Thanks for your reply!

Yes, I’m aware of the spatial locality. So for each element, they will be fetched once regardless of using the buffer or not. The difference is the naive way fetched them directly to UpdateEnumeration(). I guess what you are saying is the cost of filling the buffer then do the update is much less than read the data and immediately use it to accumulate. To me, the only difference is the latter case has a shorter dependency between the accumulation and the non-continuous memory fetch operation as described in the paper. The remaining question for me now is just why this short dependency will cause the slowdown. Do you have any insights? Thanks a lot.

Precisely. This is because of spatial locality. We cache gradient pairs in buf_gpairs which is guaranteed to fit inside the L1 memory cache, and subsequent random accesses to buf_gpairs are very fast.

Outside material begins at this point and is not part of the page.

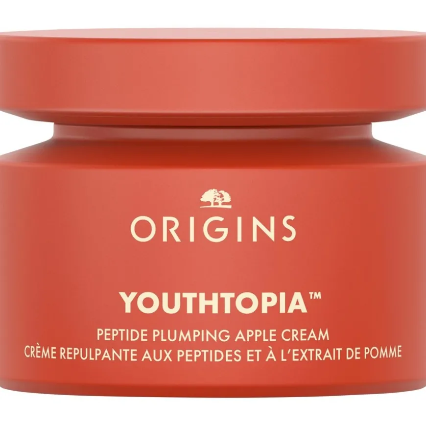 Für die wirksame Hautpflege hat Origins eine beliebte Frucht entdeckt: Äpfel. Sie enthalten Inhaltsstoffe, die sich ideal für die Youthtopia-Pflegeprodukte eignen. Fermentierte Apfelschalen enthalten eine Fülle von Antioxidanzien. Sie schützen Zellen vor schädigenden Einflüssen und helfen ihnen, sich gesund zu regenerieren. Das Apfelschalen-Ferment stammt ausschließlich aus recycelten Schalen. Ein weiteres Schönheitselixier, das aus Äpfeln gewonnen werden kann, ist Apfel-Stammzellen-Extrakt. Für die Youthtopia-Serie verwendet Origins Extrakte einer Apfelsorte, die sich von Natur aus besonders lange frisch hält.Die Peptide Plumping Apple Cream ist nicht nur reich an pflegenden Inhaltsstoffen, sie erfrischt während der Hautpflege auch mit einem angenehmen Duft. Neben einer Mischung aus zitrischen Noten duftet die leichte Peptidcreme angenehm nach Geranie und Galbanum.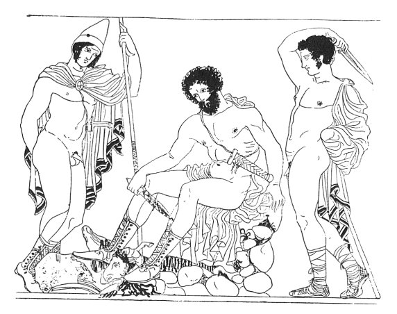 If we view the Choes as Χοαί, the Cups as Libations, the anomalous and, as it stands, artificial connection of Orestes with the festival becomes at once clear. At the drinking bout of the Choes, we learn from Athenaeus 1 and other authorities, the singular custom prevailed that each man should drink by himself. A mythological reason was sought to account for this, and the story was told 2 that Orestes, polluted by the blood of his mother, came to Athens at the time of the celebration of the Choes. The reigning king, variously called Pandion and Phanodemus, wished to show him hospitality, but religious scruple forbade him to let a man polluted enter the Sanctuaries or drink with those ceremonially clean. He therefore ordered the Sanctuaries to be shut and a measure of wine (χοῦς) to be set before each man severally, and bade them, when they had finished drinking, not to offer up the garlands with which they had been crowned in the Sanctuaries, because they had been under the same roof with Orestes; but he bade each man place his wreath round his own cup, and so bring them to the priestess at the precinct of the Limnae. That done, they were to perform the remaining sacrifices in the Sanctuary. From this, Athenaeus adds, the festival got the name of Cups. The mad Orestes in the Iphigenia in Tauris 3 tells the same tale and naïvely states that, though he was hurt by the procedure, he dare not ask the reason, knowing it all too well.

Both dependency and spacial locality contribute to performance speedup.

  1. Spacial locality
    It is worthwhile to cache gradient pairs into buf_gpairs (which fits inside the L1 cache) as we will then access the gradient pairs multiple times inside UpdateEnumeration. As long as UpdateEnumeration() accesses each gradient pair more than once, we come out ahead.

  2. Dependency
    By batching multiple gradient pairs into buf_gpairs prior to calling UpdateEnumeration, we enable instruction-level parallelism (ILP) inside UpdateEnumeration: multiple read/writes that do not depend on each other can take place simultaneously. Most modern processors are superscalar processors that are capable to executing multiple instructions per cycle.

Thanks for the pointer to ILP, leading me to some tutorials regarding ILP and instruction pipeline. I think the data dependency (read after write, hope it is what the paper referred to) is still in the update function, as we are accumulating the sum one by one. However, there will be no stall as we already have the values in the cache using the buffer. The buffer filling step does consist of independent data load and save. Does this reasoning make sense? Sorry, this is new stuff to me but certainly learnt a lot.